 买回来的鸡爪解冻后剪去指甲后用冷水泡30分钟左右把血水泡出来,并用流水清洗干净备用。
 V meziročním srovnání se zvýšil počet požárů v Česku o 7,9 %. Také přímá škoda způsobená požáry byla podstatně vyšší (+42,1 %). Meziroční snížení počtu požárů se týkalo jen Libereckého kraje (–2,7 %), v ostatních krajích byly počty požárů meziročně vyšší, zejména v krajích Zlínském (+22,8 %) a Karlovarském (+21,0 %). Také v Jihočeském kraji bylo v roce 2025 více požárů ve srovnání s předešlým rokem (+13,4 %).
...
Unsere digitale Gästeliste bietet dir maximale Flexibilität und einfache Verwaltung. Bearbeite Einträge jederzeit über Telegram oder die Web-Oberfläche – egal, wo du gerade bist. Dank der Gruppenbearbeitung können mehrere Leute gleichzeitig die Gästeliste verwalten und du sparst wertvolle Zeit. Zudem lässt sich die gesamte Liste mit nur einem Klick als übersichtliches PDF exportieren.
* * *
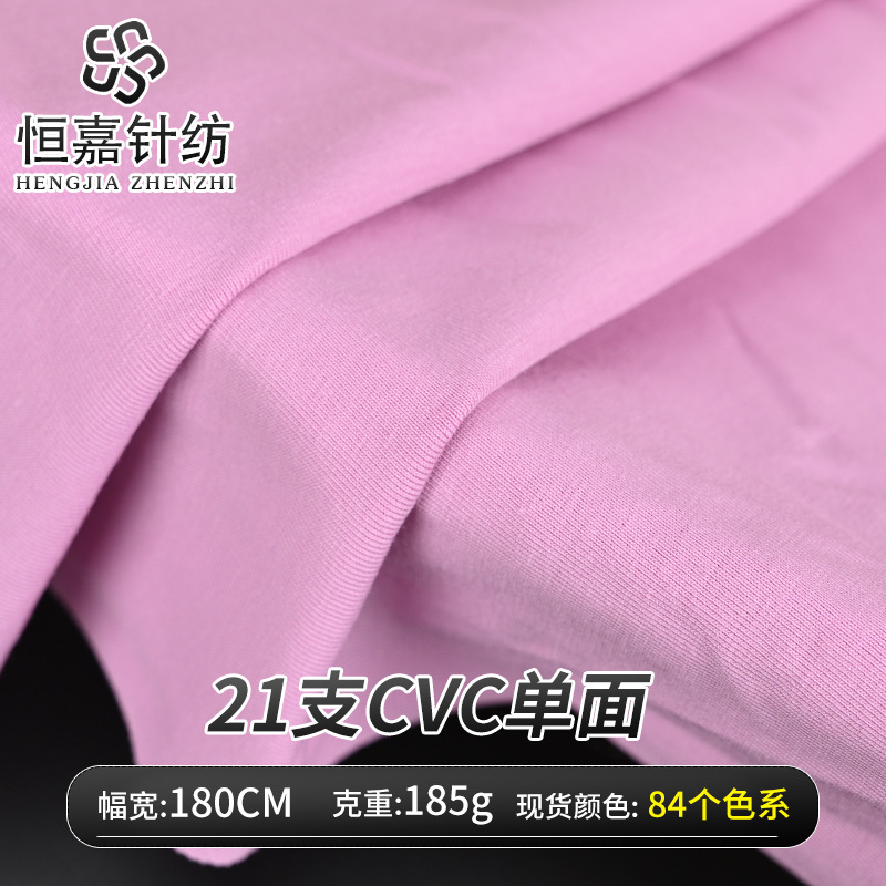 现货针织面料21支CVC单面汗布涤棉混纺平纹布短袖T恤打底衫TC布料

[WHAT THIS TASK INVOLVES]
With the line holding "买回来的鸡爪解冻后剪去指甲后" as the first and the line holding "V meziročním srovnání" as the last, please transcribe exactly the lines of the material above in that range and nothing else.

[SOLUTION TO THIS TASK]
 买回来的鸡爪解冻后剪去指甲后用冷水泡30分钟左右把血水泡出来,并用流水清洗干净备用。
 V meziročním srovnání se zvýšil počet požárů v Česku o 7,9 %. Také přímá škoda způsobená požáry byla podstatně vyšší (+42,1 %). Meziroční snížení počtu požárů se týkalo jen Libereckého kraje (–2,7 %), v ostatních krajích byly počty požárů meziročně vyšší, zejména v krajích Zlínském (+22,8 %) a Karlovarském (+21,0 %). Také v Jihočeském kraji bylo v roce 2025 více požárů ve srovnání s předešlým rokem (+13,4 %).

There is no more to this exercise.